TASK DIRECTIONS
Omit all pictures, then retype the data exactly as given.
[Opening AVAILABLE DATA section]
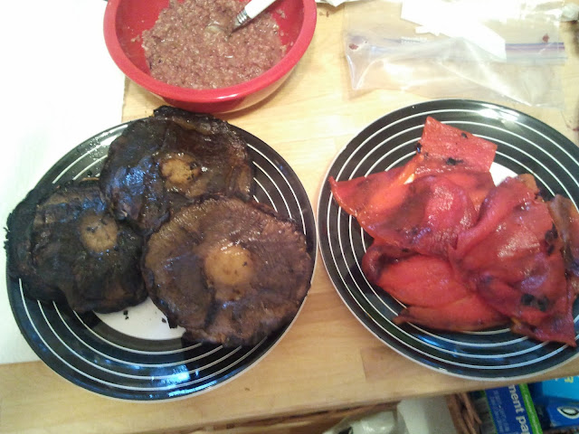 Today is a landmark event for this blog. For the first time I am conducting a grill session outside the comfort of my own home (which was an adventure in an of its own). I am at my parents' house in the Washington, D.C. area for my nephew's baptism, and The Bride and I wanted to cook dinner for the family. We had initially decided to make a couple of lasagnas and to keep everything low-key. When we learned that one of our guests was a vegetarian, I saw an opportunity to try a vegetarian recipe from The Guide. I had been eyeballing the Portabello Burgers With Roasted Peppers on page 329 for some time, and today it seemed appropriate.
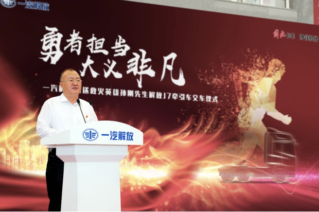 7月31日,以“勇者擔當·大義非凡”為主題的一汽解放贈送孫剛先生解放J7牽引車儀式在吉林長春隆重舉行,中國一汽總經理助理、一汽解放董事長、黨委書記胡漢杰,一汽解放總經理、黨委副書記朱啟昕,一汽解放黨委副書記、工會主席張國華,一汽解放總經理助理、銷售公司總經理、黨委書記王志才,一汽解放銷售公司副總經理張松,一汽解放黨群工作部部長任瑞杰等領導,以及救火英雄孫剛先生、新聞媒體記者朋友們參加了此次活動,共同見證了這一榮耀的時刻。
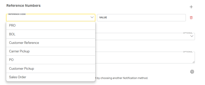 2. Reference Numbers: Add any reference numbers that should be linked to this address, such as PO, SO, or any other customer specific reference numbers. Selected reference numbers will auto populate on the BOL when booking shipments to/from this address.
[Closing AVAILABLE DATA section]
OUTPUT FOR THIS EXERCISE
 Today is a landmark event for this blog. For the first time I am conducting a grill session outside the comfort of my own home (which was an adventure in an of its own). I am at my parents' house in the Washington, D.C. area for my nephew's baptism, and The Bride and I wanted to cook dinner for the family. We had initially decided to make a couple of lasagnas and to keep everything low-key. When we learned that one of our guests was a vegetarian, I saw an opportunity to try a vegetarian recipe from The Guide. I had been eyeballing the Portabello Burgers With Roasted Peppers on page 329 for some time, and today it seemed appropriate.
 7月31日,以“勇者擔當·大義非凡”為主題的一汽解放贈送孫剛先生解放J7牽引車儀式在吉林長春隆重舉行,中國一汽總經理助理、一汽解放董事長、黨委書記胡漢杰,一汽解放總經理、黨委副書記朱啟昕,一汽解放黨委副書記、工會主席張國華,一汽解放總經理助理、銷售公司總經理、黨委書記王志才,一汽解放銷售公司副總經理張松,一汽解放黨群工作部部長任瑞杰等領導,以及救火英雄孫剛先生、新聞媒體記者朋友們參加了此次活動,共同見證了這一榮耀的時刻。
 2. Reference Numbers: Add any reference numbers that should be linked to this address, such as PO, SO, or any other customer specific reference numbers. Selected reference numbers will auto populate on the BOL when booking shipments to/from this address.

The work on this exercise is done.